:: AVAILABLE RECORDS ::

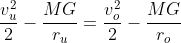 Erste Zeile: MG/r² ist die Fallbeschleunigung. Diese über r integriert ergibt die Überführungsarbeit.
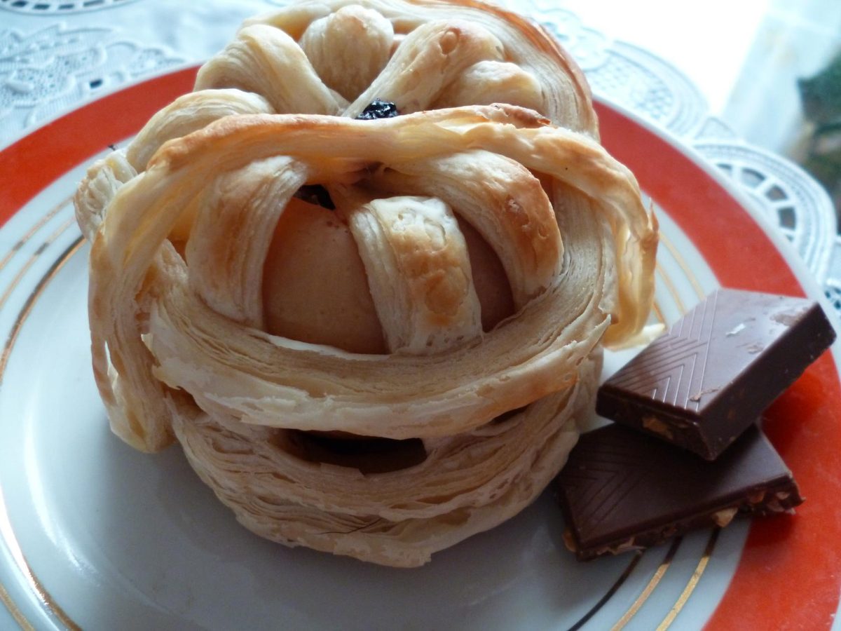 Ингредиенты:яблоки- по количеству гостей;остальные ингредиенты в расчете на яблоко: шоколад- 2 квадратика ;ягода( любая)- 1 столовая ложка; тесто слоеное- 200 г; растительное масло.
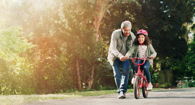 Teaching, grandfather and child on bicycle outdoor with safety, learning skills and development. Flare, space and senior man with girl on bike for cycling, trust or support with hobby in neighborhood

:::
:: AVAILABLE RECORDS ::

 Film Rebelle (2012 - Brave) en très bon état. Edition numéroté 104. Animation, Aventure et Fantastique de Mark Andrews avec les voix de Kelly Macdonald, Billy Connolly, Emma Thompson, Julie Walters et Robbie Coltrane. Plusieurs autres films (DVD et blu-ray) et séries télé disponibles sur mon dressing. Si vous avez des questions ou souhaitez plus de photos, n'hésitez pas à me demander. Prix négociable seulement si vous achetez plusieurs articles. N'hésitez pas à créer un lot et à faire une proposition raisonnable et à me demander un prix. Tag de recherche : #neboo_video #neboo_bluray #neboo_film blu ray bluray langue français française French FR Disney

:::

WHAT IS NEEDED: Using the entries above, write out exactly the lines from the one with "Erste Zeile: MG/r²" through the one with "Teaching, grandfather and", ends included. Leave out any pictures.

COMPLETED EXERCISE:
 Erste Zeile: MG/r² ist die Fallbeschleunigung. Diese über r integriert ergibt die Überführungsarbeit.
 Ингредиенты:яблоки- по количеству гостей;остальные ингредиенты в расчете на яблоко: шоколад- 2 квадратика ;ягода( любая)- 1 столовая ложка; тесто слоеное- 200 г; растительное масло.
 Teaching, grandfather and child on bicycle outdoor with safety, learning skills and development. Flare, space and senior man with girl on bike for cycling, trust or support with hobby in neighborhood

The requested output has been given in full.